Review: Stochastic Depth (Image Classification)

Sik-Ho Tsang
Towards Data Science
5 min readNov 27, 2018

--

In this story, Stochastic Depth is shortly reviewed. Stochastic Depth, a training procedure to train short networks and use deep networks at test time. This is motivated by the dilemma:

Using Deep Model: We can get better prediction accuracy but it is difficult to train due to gradient vanishing problem.

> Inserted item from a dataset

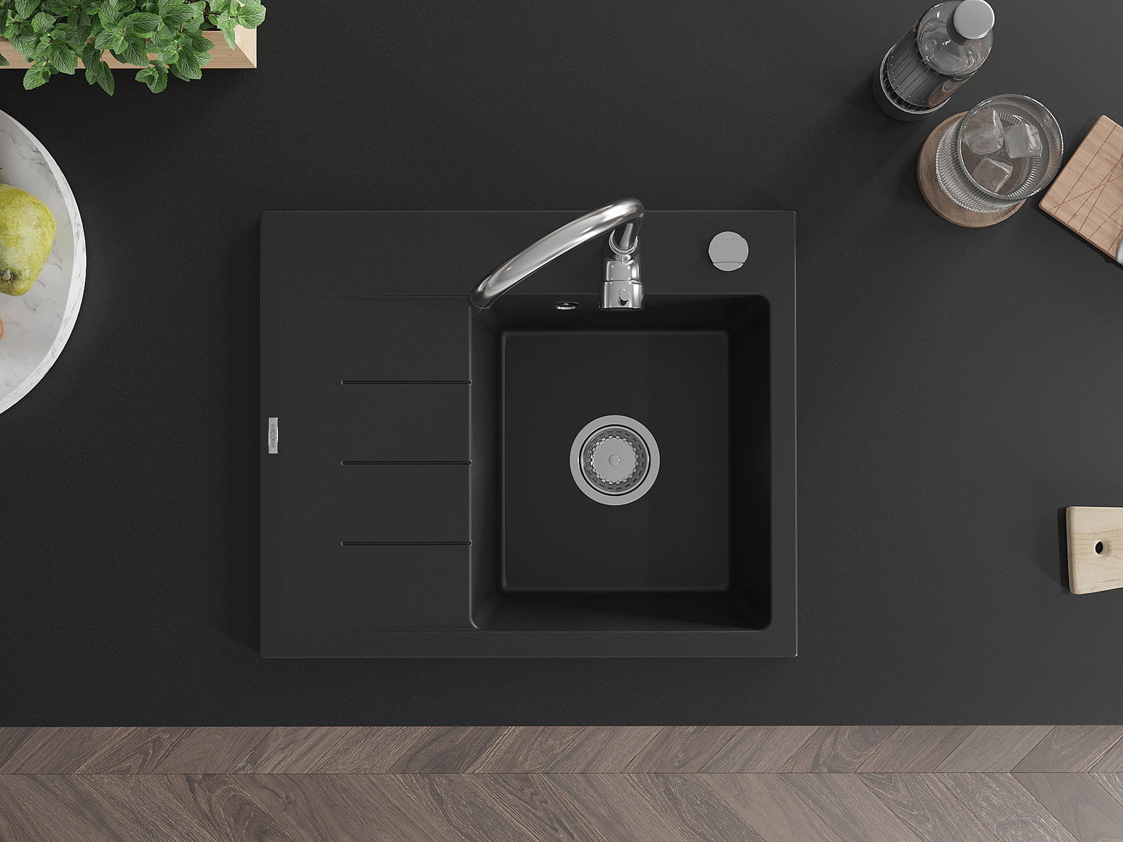Drez bol vyrobený z vysoko kvalitného granitu. Predstavuje elegantné, ale predovšetkým praktické doplnenie každej kuchyne, nezávisle od jej štýlu. Vysoká kvalita a trvácnosť granitu zaisťujú dlhodobé používanie.

Using shallower Model: We can train the network more easily but the prediction accuracy sometimes is not good enough.

Can we?

By using Stochastic Depth, the network is shorten during training, i.e. a subset of layers is randomly dropped and bypass them with the identity function. And a full network is used during testing/inference. By this mean:

  • Training time is reduced substantially
  • Test error is improved significantly as well

This is a paper in 2016 ECCV with about 400 citations while I was writing story. (Sik-Ho Tsang @ Medium)

What Are Covered

  1. Brief Revision of Original ResNet
  2. ResNet with Stochastic Depth
  3. Some Results and Analysis

1. Brief Revision of Original ResNet

One l-th Residual Block (ResBlock) in Original ResNet

In Original ResNet, suppose H_l-1 is the input of the above ResBlock, H_l-1 will go through two paths.

  • Upper Path f_l(H_l-1): Conv > BN > ReLU > Conv > BN
  • Lower Path id(H_l-1): Identity path without modification of the input

Then the outputs of these two paths are added together, then ReLU, and become H_l.

By using the identity path, i.e. the skip connection or shortcut connection, we can keep the input signal, and attempt to avoid the gradient vanishing problem. Finally, we can obtain a very deep model.

However, training time of such kind of deep models is long.

Also, there might be overfitting problem.

2. ResNet with Stochastic Depth

2.1. Training

Some ResBlocks are Dropped Randomly Based on Bernoulli Random Variable
Linear Decay Rule

By using Stochastic Depth, during training, for each mini-batch, each ResBlock would have a “survival” probability p_l.

It is kept if survived. Otherwise it is skipped as shown above.

Networks trained with Stochastic Depth can be interpreted as an implicit ensemble of networks of different depths.

To decide p_l,

  • One is to have constant value of p_l along the whole model.
  • One is to have linear decay rule for p_l along the whole model.

If linear decay rule is used, earlier (deeper) layers have larger chance to be survived (skipped) as exampled above.

During training, the expected network depth is shorter than the whole network depth. If the whole network depth L=110, p_L=0.5, the expected network depth E(L’)=40. Therefore, training time is much shorter.

2.2. Testing

Weighted by p_l during testing

Stochastic depth during testing requires small modifications to the network. Since, during training, functions f_l are only active for a fraction p_l of all updates, and the corresponding weights of the next layer are calibrated for this survival probability. We therefore need to re-calibrate the outputs of any given function f_l by the expected number of times it participates in training, p_l.

3. Some Results and Analysis

CIFAR10, CIFAR100, ImageNet Results

3.1. CIFAR-10, CIFAR-100, SHVN

For example at top left of the figure:

  • Training loss of constant depth < Training loss of Stochastic Depth
  • Test loss of constant depth (6.41%) > Test loss of Stochastic Depth (5.25%)
  • That means Stochastic Depth has reduced overfitting.

Similar trend for CIFAR-100 and SHVN using either 110 or 1202-Layer model.

Training Time
  • Training time is much shorter as well.

3.2. ImageNet

For the ImageNet at the bottom right of the figure:

  • Though the validation error is very close (23.06% for constant depth and 23.38% for Stochastic Depth), training time is 25% shorter.
  • If the training time is equal, this reaches a final error of 21.98%.

Below is the detailed results for each dataset:

Detailed Results for Each Dataset

3.3. Analyses

Mean Gradient Magnitude

By looking at Mean Gradient Magnitude for each epoch, Stochastic Depth has consistently larger weights than constant depth. That means, gradient vanishing problem is less severe in Stochastic Depth.

Test Error vs Survival Probability (Left), and Test Error Heatmap with P_L vs Network Depth (Right)

For the Test Error vs Survival Probability at the left:

  • Both assignment rules (linear decay and uniform assignment) yield better results than constant depth.
  • Linear decay rule outperforms the uniform rule consistently.
  • Linear decay rule obtains competitive results when p_L ranges from 0.4 to 0.8.
  • With p_L=0.2, Stochastic Depth with linear decay still performs well, while giving a 40% reduction in training time.

For the heatmap at the right:

  • Deeper networks with p_L=0.5 is better.
  • A deep enough model is necessary for stochastic depth to significantly outperform the baseline.

Other than dropout, we can also drop some modules by using Stochastic Depth to decrease the network depth to reduce overfitting.

--

--